Faithful Chain-of-Thought Reasoning (arXiv:2301.13379)¶
Motivation¶
- Standard CoT prompting improves reasoning but lacks faithfulness: the generated chain may not truly explain the final answer.
- Faithful CoT enforces causal alignment between reasoning and answer through deterministic execution of symbolic logic.
- This ensures explanations are not only plausible but faithful to the actual computation.
Framework Overview¶
Two-Stage Pipeline¶
Translation Stage:
LM translates input question $Q$ into a reasoning chain $C$ consisting of:
- CNL: Natural Language (subquestions, rationales, dependency tags)
- CSL: Symbolic Language (Python, Datalog, PDDL)
Problem Solving Stage:
- CSL is executed by an external deterministic solver (e.g., Python interpreter, Datalog engine)

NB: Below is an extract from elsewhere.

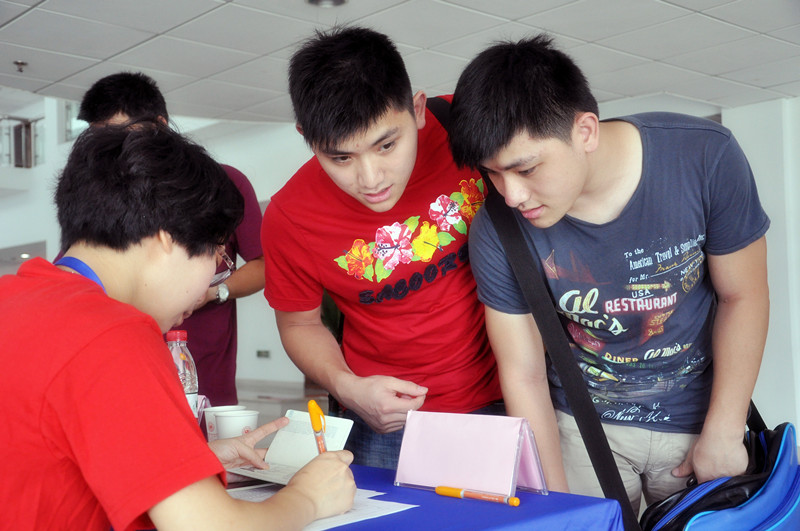 beat365中文官方网站国际合作学院的老师为来自葡萄牙的营员办理报到手续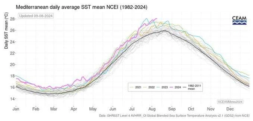 طقس العرب - أعلن المركز المتوسطي للدراسات البيئية (CEAM) أن شهر أغسطس 2024 سجل أعلى متوسط يومي لدرجة حرارة سطح البحر الأبيض المتوسط منذ بداية التسجيلات عام 1982، حيث بلغ المعدل 28.08 درجة مئوية. هذا الارتفاع القياسي يعكس التأثير المتزايد لتغير المناخ المتسارع على النظام البيئي للمنطقة.

- Final answer $A$ is guaranteed to follow from the reasoning chain
Taxonomy of CoT Prompting¶
Type | Description |
---|---|
All-at-once | LM generates reasoning and answer as a single block (e.g., Standard CoT) |
Ensemble-based | Generates multiple (C, A) pairs, selects answer via majority voting |
Modularized | Breaks query into subquestions and solves step-by-step (e.g., LtM) |
Faithful CoT = Modularized + Executable CoT with interleaved NL and SL
Evaluation Tasks and Datasets¶
Math Word Problems (MWP)¶
- Datasets: GSM8K, SVAMP, MultiArith, ASDiv, AQuA
- SL: Python
- Answer: Numeric or string-valued expressions
Multi-hop QA¶
- Datasets: StrategyQA, Date Understanding, Sports Understanding
- SL: Datalog, Python
- Answer: Boolean or short strings
Planning¶
- Dataset: SayCan
- SL: PDDL
- Answer: Action sequence plan
Relational Inference¶
- Dataset: CLUTRR
- SL: Python + transitivity logic
- Answer: Family relation string
Performance Results (Code-davinci-002)¶
Dataset | CoT (Greedy) | Faithful CoT (Greedy) | Faithful CoT (Self-Consistent) |
---|---|---|---|
GSM8K | 63.3 | 72.3 (+9.0) | 65.9 |
SVAMP | 78.0 | 80.0 (+2.0) | 80.3 |
MultiArith | 86.8 | 88.8 (+2.0) | 88.8 |
ASDiv | 80.0 | 82.5 (+2.5) | 80.2 |
AQuA | 42.1 | 47.2 (+12.1) | 50.2 (+18.1) |
StrategyQA | 76.5 | 76.3 | 76.7 |
Date Understanding | 40.6 | 47.2 (+6.5) | 50.9 (+10.8) |
Sports Understanding | 98.8 | 98.8 | 99.0 |
SayCan | 80.0 | 89.3 (+9.3) | 91.3 (+11.3) |
CLUTRR | 42.0 | 63.3 (+21.3) | 71.9 (+41.3) |
Ablation Study¶
Prompt Variation | GSM8K | Date | SayCan | CLUTRR | Observation |
---|---|---|---|---|---|
Full | 72.3 | 47.2 | 89.3 | 63.3 | Best performance overall |
No rationale | ~72 | ~47 | ~88 | ↓ | CLUTRR most affected |
No NL but nudge | ↓ | ~47 | ~88 | ↑31.3 | Nudge line alone helps |
No NL | ↓ | ↓ | ~88 | ↓↓ | Major drop in CLUTRR |
No solver | ↓50.8 | ↓22.9 | ↑2.9 | ↓19.4 | Solver critical except in SayCan |
Robustness to Exemplars¶
- 5 randomized prompts tested
- Accuracy range: −1.5 to +1.2 around original
- Standard deviation: 1.3–2.9%
- Conclusion: Method is robust to example choice
Human Evaluation (Plausibility of Reasoning Chains)¶
Dataset | Fully Correct Reasoning Chain (%) |
---|---|
MWP | 90%+ |
SayCan | 90%+ |
CLUTRR | 88.0% |
Date | 87.9% |
StrategyQA | 66.7% |
StrategyQA suffers due to:
- Binary format (chance success)
- Weak Datalog fluency in Codex
- Mistaken human judgments
Contributions¶
- Propose a faithful, interpretable CoT reasoning framework using NL+SL and deterministic solvers.
- Demonstrate consistent empirical improvements across 10 reasoning datasets.
- Show generalizability across domains and symbolic languages.
- Conduct first large-scale human evaluation on CoT reasoning chain plausibility.
- Prove that faithfulness improves interpretability without sacrificing performance.